PMCID: PMC5852630 PMID: 28430879

Abstract

Aims

Hypoxic pulmonary vasoconstriction (HPV) redistributes blood flow from poorly ventilated to better aerated areas in the lung, thereby optimizing ventilation-perfusion ratio (V/Q). Pulmonary artery smooth muscle cell (PASMC) contraction in response to hypoxia is triggered by Ca²⁺ influx via transient receptor potential canonical 6 (TRPC6) cation channels that have translocated to caveolae in the plasma membrane. Since phosphatase and tensin homolog (PTEN) was suggested to regulate TRPC6 in endothelial cells, we aimed to define its role in the hypoxic response of PASMCs and as a putative mediator of HPV.

Methods and results

In isolated perfused mouse lungs, smooth muscle specific PTEN deficiency attenuated pulmonary vasoconstriction in response to hypoxia but not to angiotensin II (Ang II). Analogously, siRNA-mediated knock down of PTEN in human PASMC inhibited the hypoxia-induced increase in cytosolic Ca²⁺ concentration ([Ca²⁺]_i). Co-immunoprecipitation and proximity ligation assays revealed increased interaction of PTEN with TRPC6 in human PASMC and murine lungs in response to hypoxia.
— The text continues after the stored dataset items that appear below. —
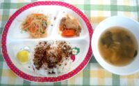 今日の給食は、しらすわかめご飯に春雨スープ。
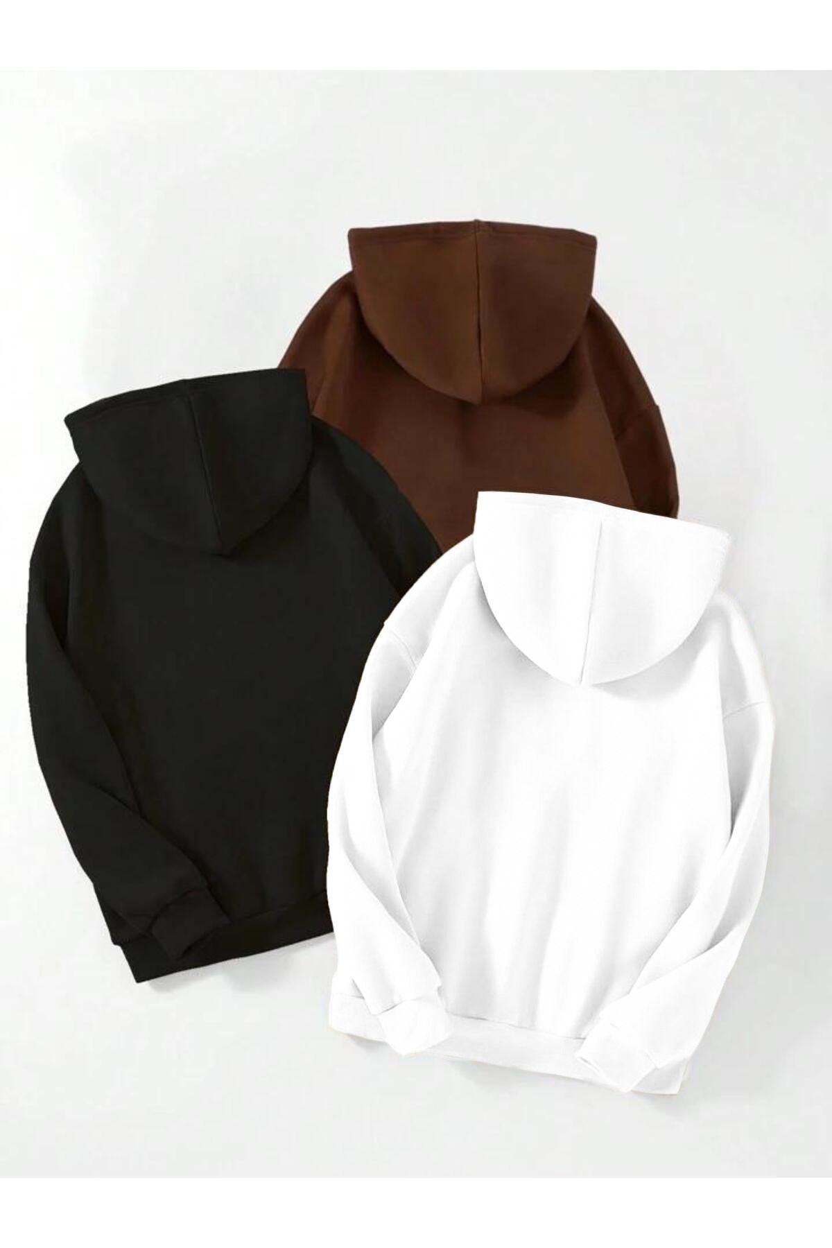 3'Lü Düz Basic Kalın Kışlık Sweatshirt - Siyah Kahverengi Beyaz Oversize Kapüşonlu
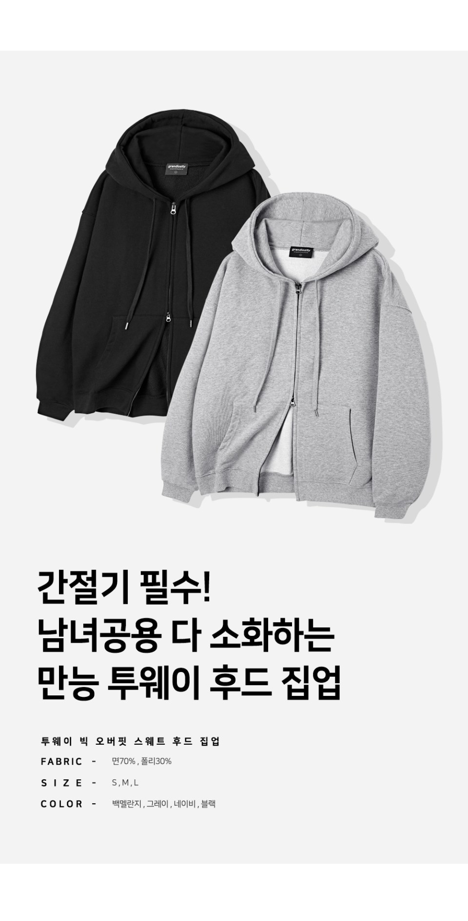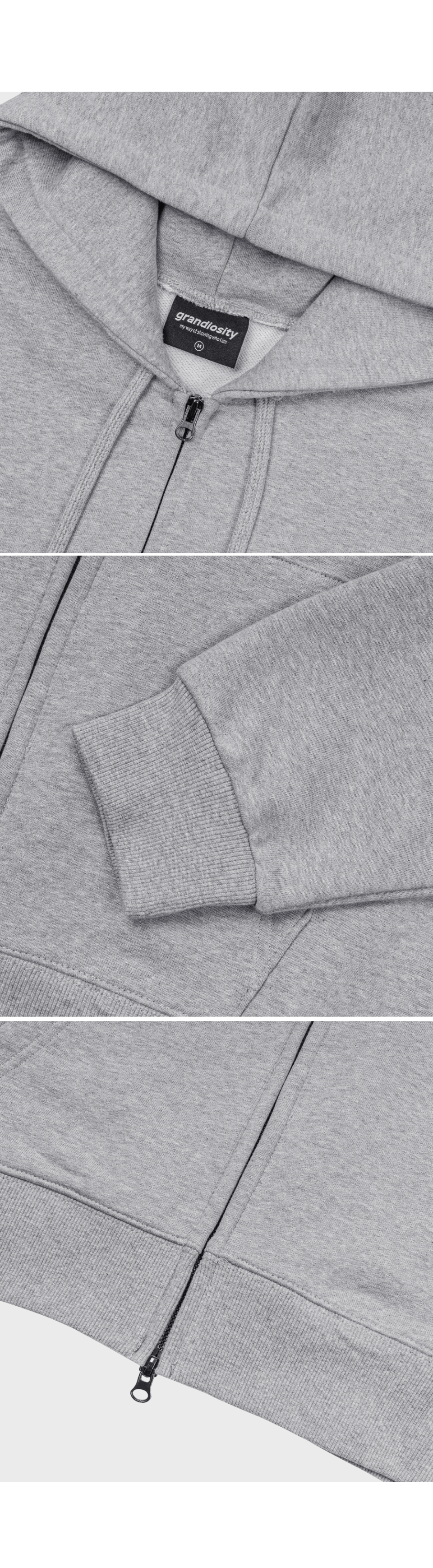 그랜디오시티(GRANDIOSITY)는 '자신을 실제보다 위대하고 소중한 존재로 생각하는'의 뜻을 가졌으며, 자신만의 방식으로 개성을 드러낼 수 있는 다양한 스타일을 제안하는 브랜드입니다.
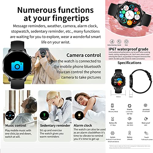 【1,32 pollici touch screen completo】 SGDDFIT smartwatch uomo adotta un grande schermo a colori ad alta definizione TFT da 1,32 pollici, alta risoluzione 360 * 360. la tecnologia touch screen completa rende il tuo funzionamento facile e veloce. con 5 livelli di luminosità, è anche possibile regolare la luminosità per vedere chiaramente il display. ci sono multiplo tra cui scegliere, puoi anche personalizzare il quadrante per mostrare la tua personalità.
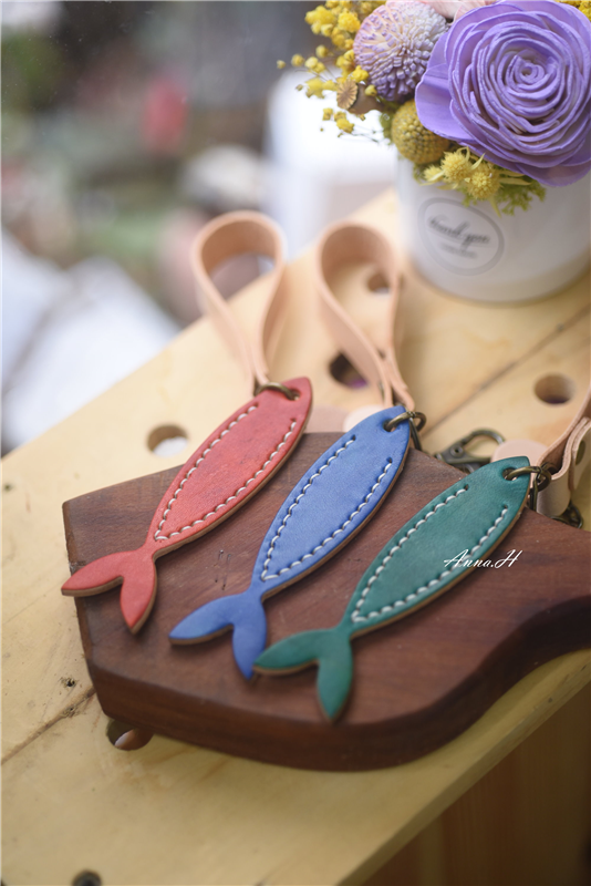 尺寸:皮革部分不含五金,長寬約10*1.6公分,小魚長寬約10.5*2.5公分,皮革部分可刻字。
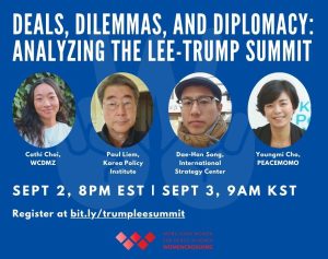 Join us today at 5pm PT/8pm ET (Sept. 3 at 9am KST) for a webinar debriefing South Korean President Lee Jae-myung’s first meeting with U.S. President Trump. We’ll hear from speakers Youngmi Cho (PEACEMOMO), Paul Liem (Korea Policy Institute), and Dae-Han Song (International Strategy Center), moderated by Cathi Choi (Women Cross DMZ). View the recording here.
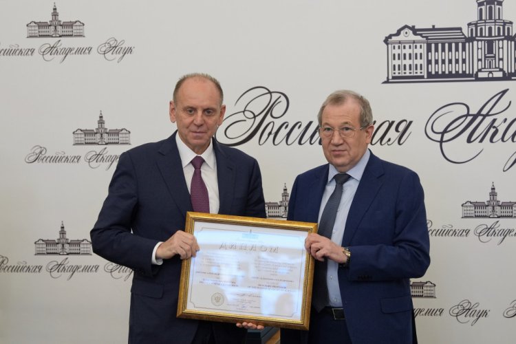 Также на заседании состоялось вручение диплома и нагрудного знака «Почётный профессор РАН» Дмитрию Пумпянскому, специалисту в области металловедения, технологий металлургического производства, создания сталей и титановых сплавов специального назначения.
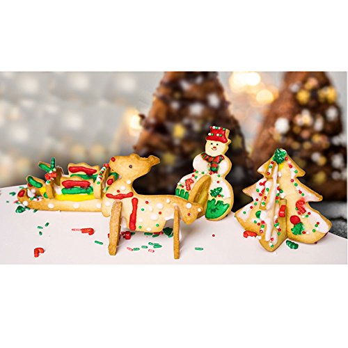 ❤ FUN SHAPES AND EASY TO ASSEMBLED : 3D Christmas Cookie Cutters BiscuitStainless steel cutters include Christmas Tree,Snowman,Sleigh and Elk 8 packs. 2 stainless steel biscuits make up a 3D pattern.

In hypoxic PASMC, both PTEN and TRPC6 translocated to caveolae, and this response was blocked by pharmacological inhibition of Rho-associated protein kinase (ROCK) which in parallel prevented PTEN-TRPC6 interaction, hypoxia-induced [Ca²⁺]_i increase, and HPV in PASMC and murine lungs, respectively.

Conclusion

Our data indicate a novel interplay between ROCK and [Ca²⁺]_i signalling in HPV via PTEN, in that ROCK mediates interaction of PTEN and TRPC6 which then conjointly translocate to caveolae allowing for Ca²⁺ influx into and subsequent contraction of PASMC.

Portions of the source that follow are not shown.